O casal de dinamarqueses May-Britt Moser e Edvard Moser e o britânico-americano John O’Keefe ganharam, na segunda-feira (6), o Prêmio Nobel de Medicina por sua descoberta de células que formam um sistema de posicionamento no cérebro humano, uma espécie de “GPS” – sigla para Global Positioning System” que significa sistema de posicionamento global, em português.

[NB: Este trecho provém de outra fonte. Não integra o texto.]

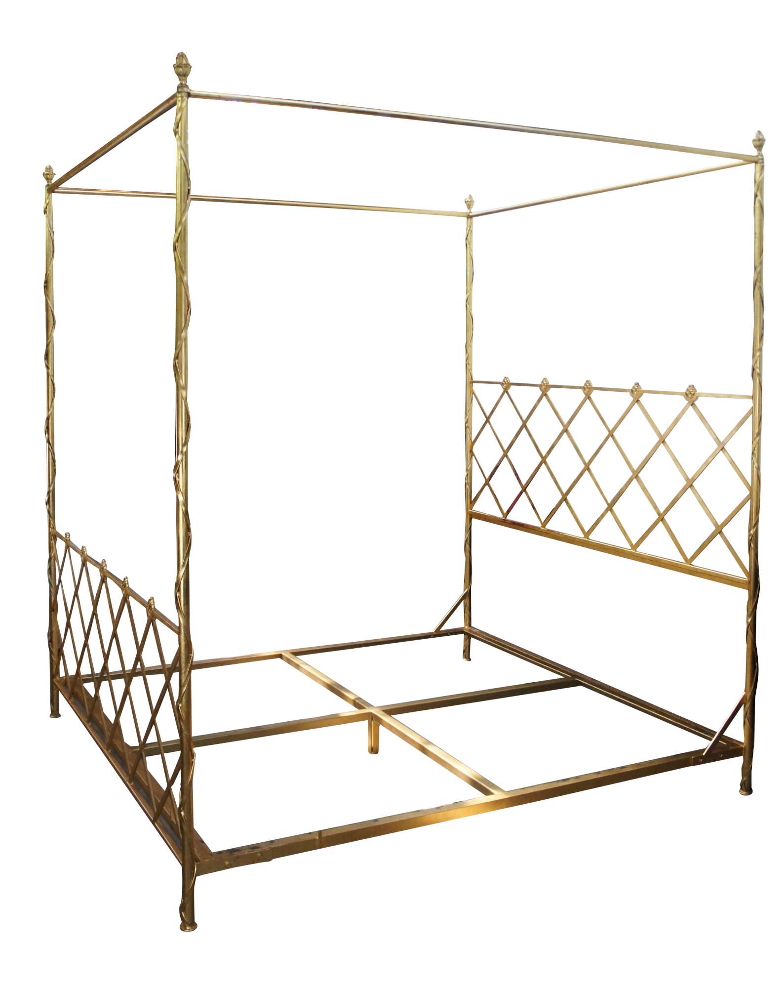 An impressive King size canopy bed. Drawing inspiration from Italian and French styling. Made from iron with a golf leaf finish. Features lattice medallion head and foot boards between neoclassical ribboned posts with acorn finials. The Canopy or Tester can be removed to be used as a poster bed.

Os cientistas dividirão o prêmio de 8 milhões de coroas suecas (US$ 1,1 milhão).

De acordo com o anúncio do Instituto Karolinksa, em Estocolmo (Suécia), os pesquisadores  solucionaram dúvidas que outros cientistas e filósofos discutem há séculos: como sabemos onde estamos e por onde nos deslocaremos?

O estudo mostra que o cérebro humano é capaz de trabalhar com “mapas” internos e isso pode nos auxiliar a compreender o que acontece na mente de pessoas com o mal de Alzheimer, por exemplo, que faz com que os doentes tenham entre os principais sintomas, a perda do senso de orientação.

A pesquisa de John O’Keefe teve início na década de 1970, e no ano seguinte, ele descobriu o primeiro componente do sistema de posicionamento – um tipo de célula nervosa no hipocampo que era sempre ativada quando um roedor se encontrava num determinado local de um ambiente. A conclusão: essas “células de lugar” formavam um tipo de mapa de localização no cérebro.

Passados mais de 30 anos, o casal Moser identificou outro tipo de célula nervosa que forma um sistema de coordenadas no nosso cérebro, permitindo-nos encontrar caminhos e saber nosso posicionamento de forma precisa.

Anos antes do anúncio dos laureados com o Nobel de Medicina 2014, neurocientistas ingleses lideradas por Eleanor Maguire, descobriram que os motoristas de táxi londrinos têm a estrutura cerebral alterada, com a parte posterior do hipocampo, ligada à orientação espacial e à memória, muito mais desenvolvida do que os demais motoristas.

A necessidade de memorizar mapas inteiros em uma das cidades com a maior frota de táxis do mundo, exige que esses profissionais tenham uma espécie “GPS” cerebral para auxiliá-los no trânsito.

Nobel de Medicina

O Nobel de Medicina é oferecido desde 1901 e já reconheceu o trabalho de mais de 200 pessoas – entre elas, onze mulheres.